DATASET EXTRACT:
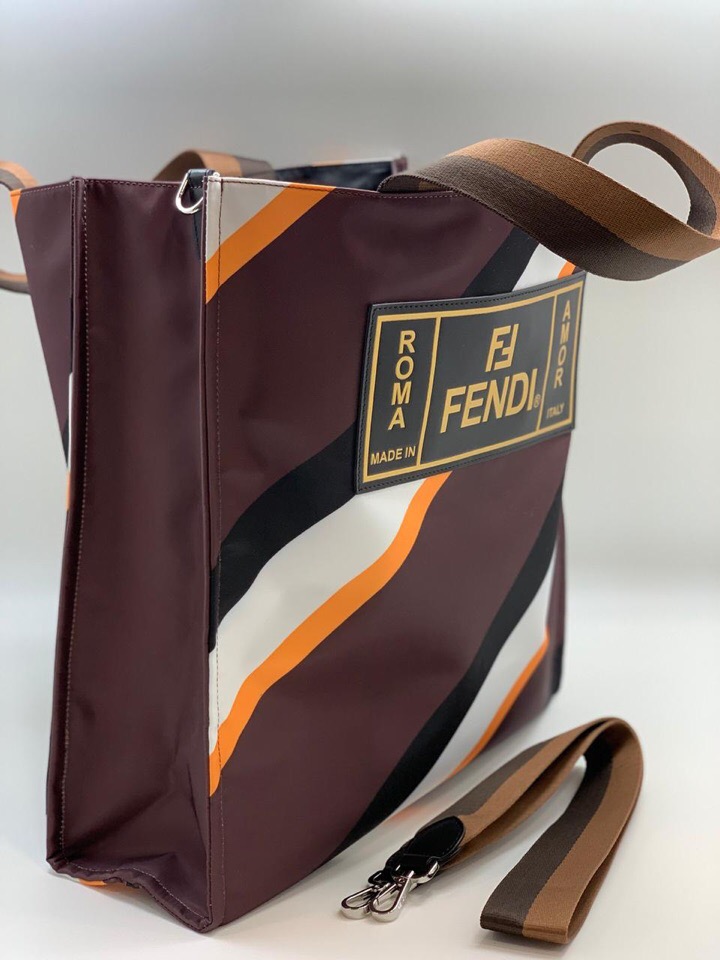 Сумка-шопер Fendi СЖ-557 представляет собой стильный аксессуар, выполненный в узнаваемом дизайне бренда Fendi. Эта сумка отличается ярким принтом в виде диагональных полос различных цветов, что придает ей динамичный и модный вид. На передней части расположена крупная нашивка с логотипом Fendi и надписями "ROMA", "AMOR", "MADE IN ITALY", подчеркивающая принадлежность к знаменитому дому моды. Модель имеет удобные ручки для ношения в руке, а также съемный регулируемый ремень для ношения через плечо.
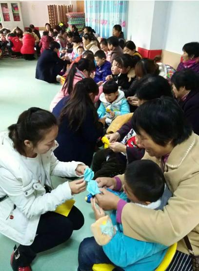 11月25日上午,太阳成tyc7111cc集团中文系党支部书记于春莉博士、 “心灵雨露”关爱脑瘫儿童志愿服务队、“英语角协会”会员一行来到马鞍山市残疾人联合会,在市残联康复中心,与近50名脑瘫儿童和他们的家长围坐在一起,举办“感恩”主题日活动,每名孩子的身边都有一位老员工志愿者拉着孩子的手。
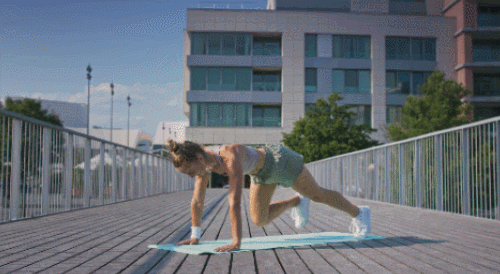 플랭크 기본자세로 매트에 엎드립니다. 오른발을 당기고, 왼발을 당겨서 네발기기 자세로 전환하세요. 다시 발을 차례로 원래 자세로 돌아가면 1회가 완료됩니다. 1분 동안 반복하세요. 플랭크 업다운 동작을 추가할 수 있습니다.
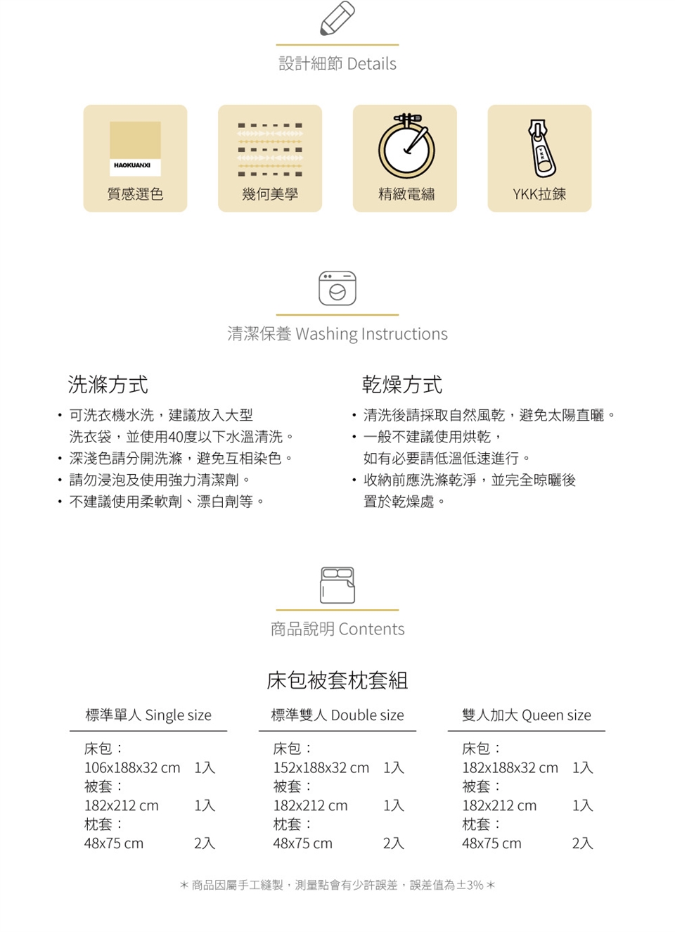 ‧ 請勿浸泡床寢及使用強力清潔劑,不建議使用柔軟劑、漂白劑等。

TASK GOAL:
The expected answer is the data retyped exactly, without pictures.

OUTPUT FOR THIS TASK:
 Сумка-шопер Fendi СЖ-557 представляет собой стильный аксессуар, выполненный в узнаваемом дизайне бренда Fendi. Эта сумка отличается ярким принтом в виде диагональных полос различных цветов, что придает ей динамичный и модный вид. На передней части расположена крупная нашивка с логотипом Fendi и надписями "ROMA", "AMOR", "MADE IN ITALY", подчеркивающая принадлежность к знаменитому дому моды. Модель имеет удобные ручки для ношения в руке, а также съемный регулируемый ремень для ношения через плечо.
 11月25日上午,太阳成tyc7111cc集团中文系党支部书记于春莉博士、 “心灵雨露”关爱脑瘫儿童志愿服务队、“英语角协会”会员一行来到马鞍山市残疾人联合会,在市残联康复中心,与近50名脑瘫儿童和他们的家长围坐在一起,举办“感恩”主题日活动,每名孩子的身边都有一位老员工志愿者拉着孩子的手。
 플랭크 기본자세로 매트에 엎드립니다. 오른발을 당기고, 왼발을 당겨서 네발기기 자세로 전환하세요. 다시 발을 차례로 원래 자세로 돌아가면 1회가 완료됩니다. 1분 동안 반복하세요. 플랭크 업다운 동작을 추가할 수 있습니다.
 ‧ 請勿浸泡床寢及使用強力清潔劑,不建議使用柔軟劑、漂白劑等。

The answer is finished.